The Gallery on Garrison Ft Smith AR January 8, 2022
Frank Goff’s Artist Statement
Gallery On Garrison, Fort Smith, Arkansas January 2022 Exhibition
In this exhibition you will find several different approaches to how I go about making things. The series of botanical illustrations are straight forward observations of plants growing in my wife's garden. My intention was to draw what I saw in front of me as accurately as possible, using the medium of scratchboard. The process involves directly engraving with a sharp tool on a piece of hardboard covered in fine white clay then sprayed with black India ink. Carefully scratching through the black ink reveals the white clay underneath. I prefer to use an X-Acto knife as my engraving tool to create razor thin lines and hatch marks, as well as stippling to produce rich texture and volume. The contrast between the black ink and brilliant white clay produces dramatic lighting effects. Color was added using transparent acrylic ink. It can be a tedious process that requires careful planning and concentrated focus. However, the final results can be well worth the effort.

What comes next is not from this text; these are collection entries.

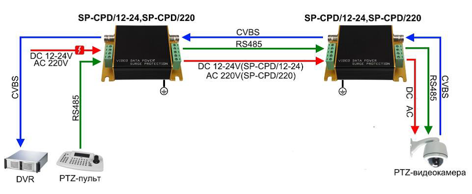 Одноканальное устройство грозозащиты SP-CPD/12-24 предназначено для защиты цепей питания, линий передачи видеосигнала и данных от импульсов высокого напряжения и тока. Данное устройство идеально подходит для предотвращения выхода из строя поворотной камеры в результате воздействия разряда молнии. Видео: 1 вход (BNC-мама), 1 выход (BNC-мама), питание и данные: 1 вход (клеммы), 1 выход (клеммы). Две степени защиты. Цепь питания 12-24В, нагрузка 0,5А.
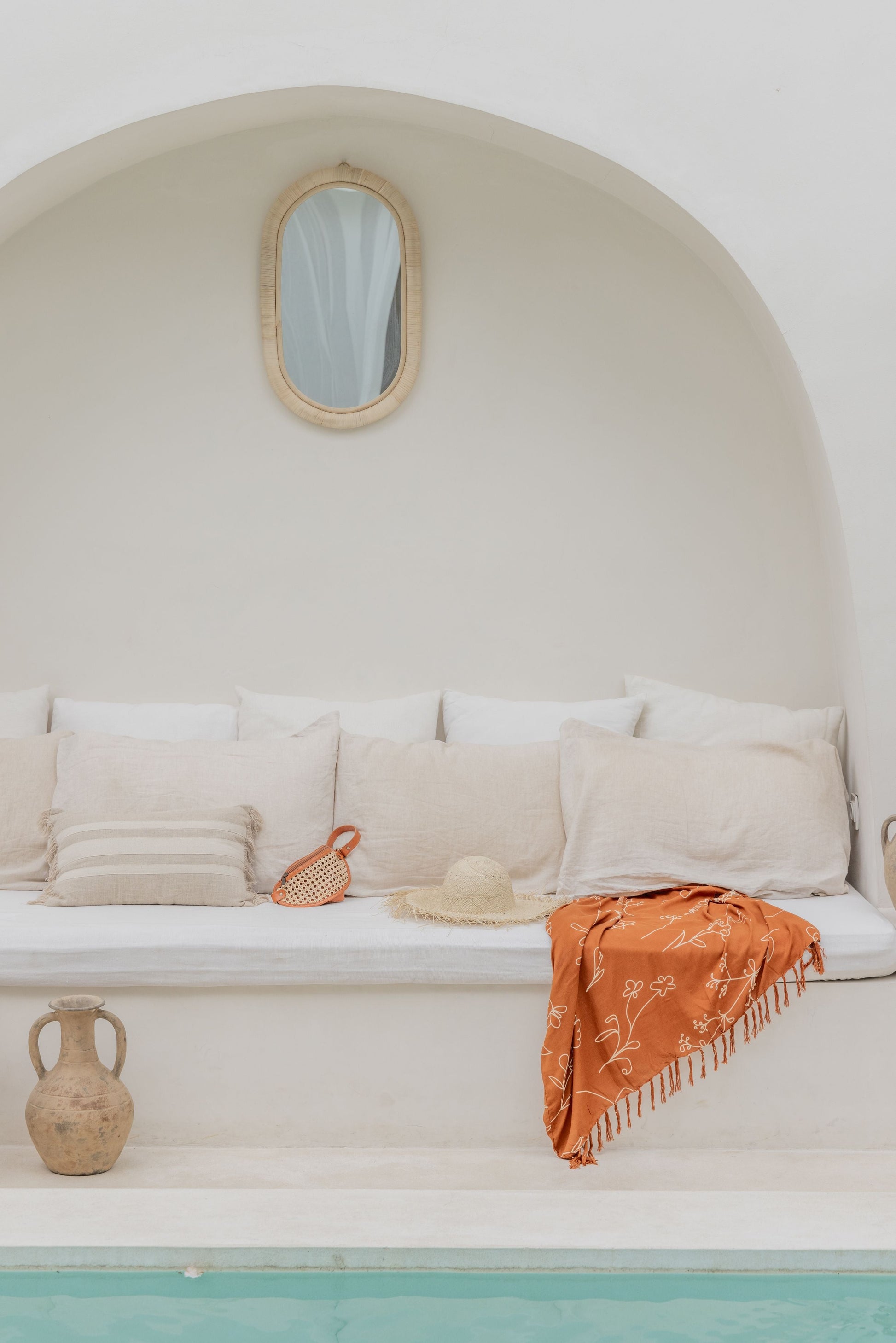 This elevated sling bag features genuine leather detailing and cane webbing along with ample storage space. The natural elements of this bag combine beautifully to create a modern and bohemian feel.
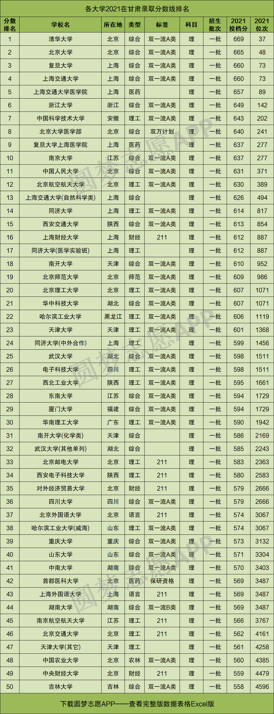 一、2021年高考各大学在甘肃录取分数线排名
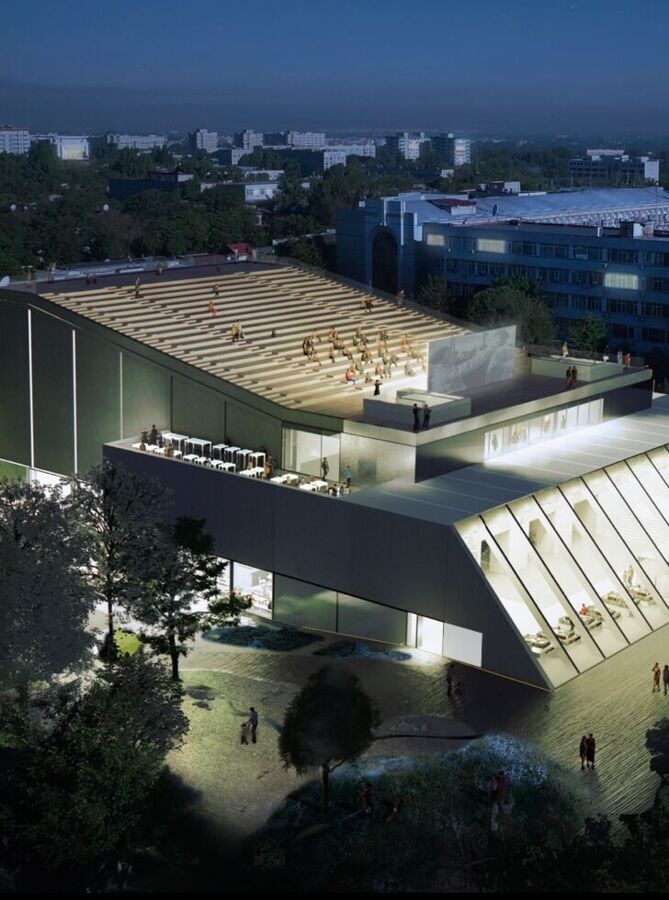 Изначально Боранбаев предполагал, что здесь будет находиться «трансформационный театр», но Джамиля Нуркалиева убедила его сделать гибридное арт-пространство: для выставок, перформансов, концертов, образовательных проектов для детей и подростков.
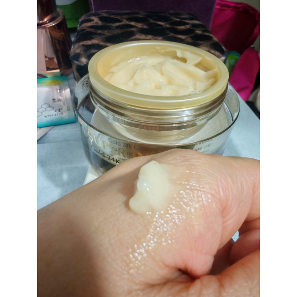 4.講到面霜我都用左好多年!啫喱乳霜狀,質地非常輕盈,上面有種涼浸浸嘅感覺,好快就吸收,完全唔會有厚重或者焗住嘅感覺。當中24K黃金可以抗氧化、促進微循環,幫我改善成日捱夜嘅暗黃膚色,用完塊面光澤感重左~~仲有人蔘同egf修復再生力upup!細紋同鬆弛都有改善 ~
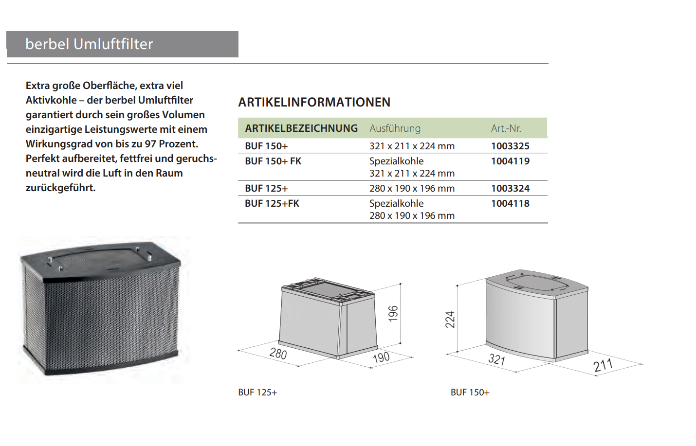 Extra große Oberfläche, extra viel Aktivkohle - der berbel Umluftfilter überzeugt mit einem Wirkungsgrad von 97 Prozent. Perfekt aufbereitet, fettfrei und geruchsneutral wird die Luft in den Raum zurückgeführt. Ein Austausch der Aktivkohle ist lediglich alle zwei bis drei Jahre erforderlich und das Filtergehäuse bleibt ein ganzes Hauben-Leben lang erhalten. Eine echt starke, umweltfreundliche und kostensparende berbel-Lösung für reine Küchen-Luft!
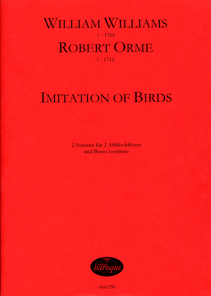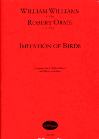 in Imitation of Birds & The Imitation of several Birds, zwei Triosonten in F-dur für 2 Altblockflöten und Bc.Für die Ornithologen unter den Blockflötisten: Neben der schon bekannten Sonate von Williams nun auch die zum ersten Mal veröffentlichte Sonate von Robert Orme.
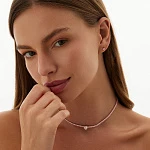 Вы можете носить колье-чокер как самостоятельное украшение, так и в тандеме с другими изделиями из сета Simone. Например, с браслетом, в котором также сочетаются розовые и прозрачный фианиты. Идеальная пара для долгожданного дня, особенного вечера и незабываемой ночи.
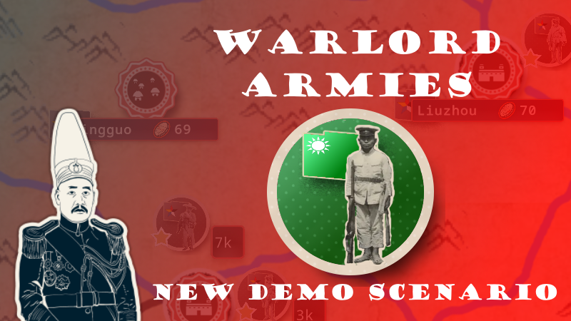 Rise of the White Sun is a strategy game set in the Warlords era (China in the 20's). I just added a playable scenario to the demo. You can find it here. This is a fast and quick fighting for Guangxi province between small warlord factions.
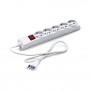 Rectangular multi-socket Master, with 5 outlets for Schuko and bivalent plugs. White thermoplastic body.
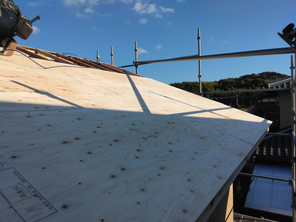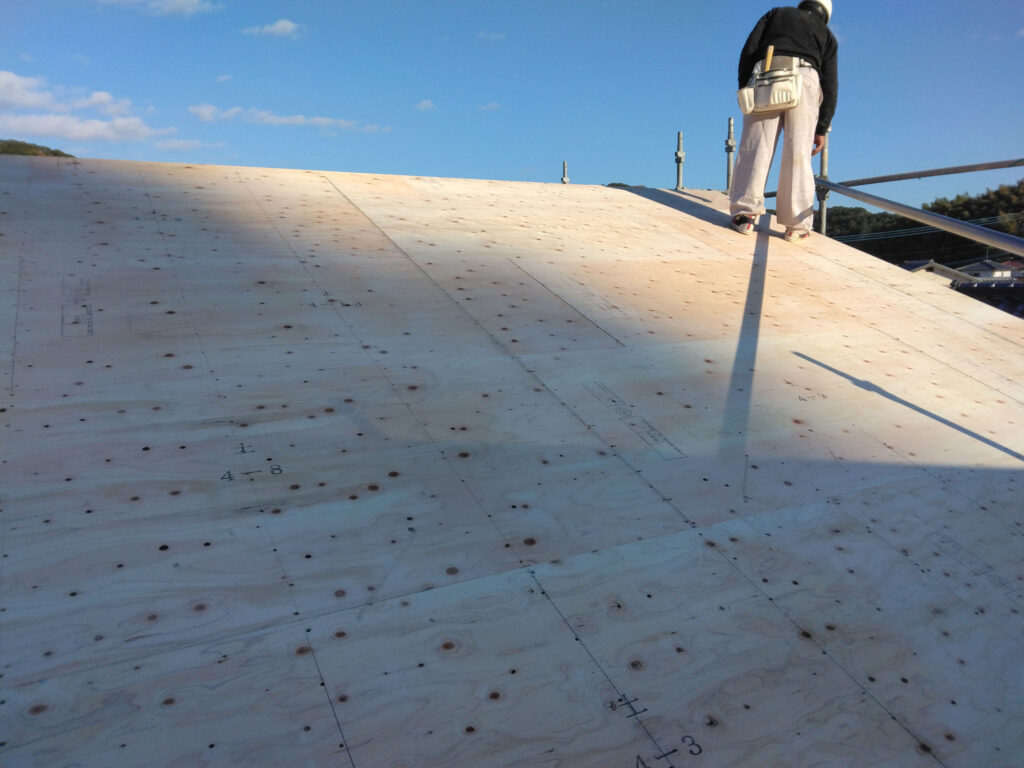 屋根の小屋組みが終わると、野地板設置して、次の屋根工事に進みます!
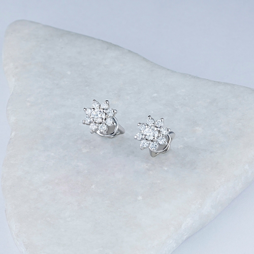 Sterling Silver Earring Studs with 18 Round-Cut Lab-Created Diamonds
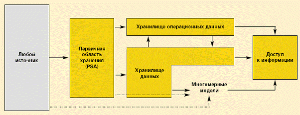 Хранилище данных (рисунок 6) является относительно статичным. Оно спроектировано для оптимизации запросов на крупные объемы исторических и агрегированных данных, для поддержания в основном стратегического, а не оперативного процесса принятия решений.
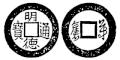 During the reign of the Đồng Khánh Emperor two series of Đồng Khánh Thông Bảo cash coins were minted;[48] the first series were cast in 1776 with a diameter of 26 millimeters, and the second series in 1887 with a diameter of 23 millimeters.[48] All cash coins from this era had blank reverse sides.[48]
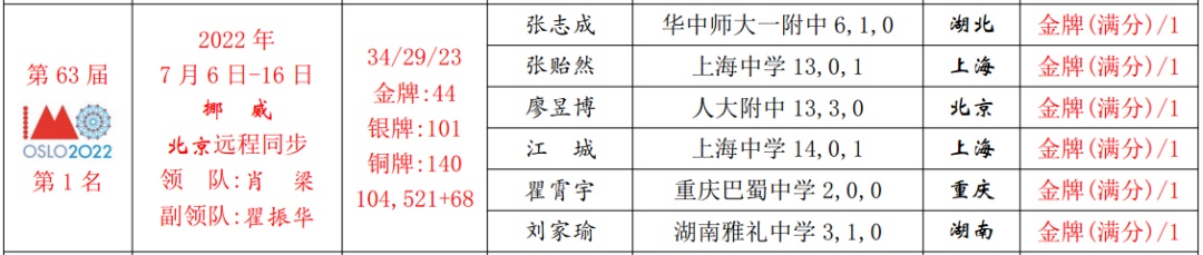 另一名来自上海中学的选手孙启傲和来自湖南师范大学附属中学的梁行健、浙江省宁波市镇海中学的张鑫亮、深圳中学的姜志城也都获得了金牌。

I enjoy using direct carving techniques to carve wood. In direct carving, you do not have a preconceived idea of what the final result will be. No preliminary drawings or models are used. You work with the material first and let it suggest what it wants to become. After the tree bark is removed, limbs trimmed off, and knots that cause cracking and splitting are taken out, what is left can give you ideas about what to do next. The grain of the wood often has interesting patterns that can be developed. Holes in the wood, large knots, cut off tree limbs and burls morph into animals and human-like shapes. My approach is to let go and cooperate with the unconscious and the brain’s ability to quickly perceive patterns. After discovering what seems to be in the wood, the work of carving, sanding and shaping begins. Now the task is to coax out the forms already waiting there, animate the dead wood and give it a new life. The following poem catches the experience of discovering something warm and living hidden beneath what appeared to be lifeless and cold. “
"Bare branches of each tree
on this chilly January morn
look so cold so forlorn.
Gray skies dip ever so low
left from yesterday's dusting of snow.
Yet in the heart of each tree
waiting for each who wait to see
new life as warm sun and breeze will blow,
like magic, unlock springs sap to flow,
buds, new leaves, then blooms will grow."
- Nelda Hartmann, January Morn
It is my hope that those viewing this exhibit will find a connection with the natural world and the cycle of life.